Como es lógico, Claudia Sheibaum Pardo quiere asegurar, incluso, acrecentar el poder, al tiempo de ejercerlo y administrarlo. Sin embargo, en la intención --por no decir, desesperación-- por dominar y concretar ambas aspiraciones, está poniendo en duda su autoridad, mando y credibilidad. La doble función de presidenta y dirigente, una manifiesta y otra disfrazada, está enviando señales encontradas.
Se acude a España a defender la democracia, mientras aquí se socava, haciendo del árbitro electoral un entusiasta silbante a favor de Morena y agregando, con ello, un eslabón a la cadena de acciones que han restado contrapesos al Ejecutivo y desfigurado el equilibrio entre los poderes de la Unión. La toma del control del partido viene en menoscabo del gobierno. Los relevos en posiciones claves de la administración --unidad de inteligencia financiera, sistema de administración tributaria, fiscalía, aduanas y cancillería, como ayer reseñó Salvador Camarena-- apuntan en la dirección de fortalecer el combate al crimen y dar satisfacción al megalómano del norte, pero no de transitar de la transición a la consolidación del gobierno.

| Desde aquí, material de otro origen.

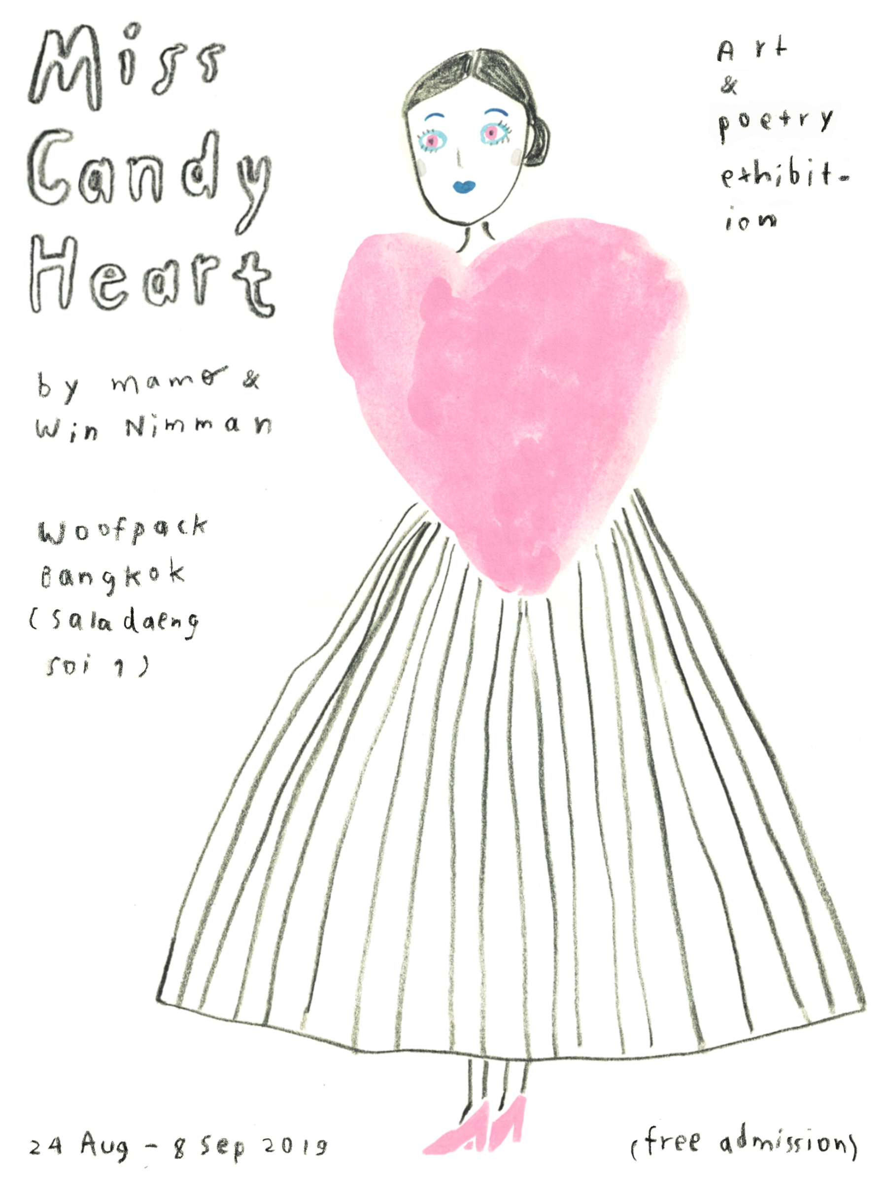 Miss Candy Heart นิทรรศการที่จะจัดร่วมกันระหว่างศิลปินสองคนคือ Win Nimman (วิน นิมมานวรวุฒิ) นักเขียน และนักร้อง–นักแต่งเพลง และ mamo (วรมา อำไพรัตน์) ศิลปินและนักวาดภาพประกอบ ที่มีคอนเซ็ปต์หลักคือการเล่าเรื่องเกี่ยวกับผู้หญิงและการให้กำลังใจผู้หญิง ผ่านบทกวีและงานศิลปะ (women’s empowerment through arts)

Desde esa perspectiva, pareciera que lo importante es asegurar y acrecentar el poder a través del partido en las elecciones del año entrante, a costa del gobierno que encara enormes y peligrosos desafíos en la coyuntura. Por si algo faltara, en la obsesión por ocupar la escena, acaparar cámaras y micrófonos e intentar fijar la agenda del debate, la mandataria tiene reacciones de botepronto que, al final, resultan ser un bumerán.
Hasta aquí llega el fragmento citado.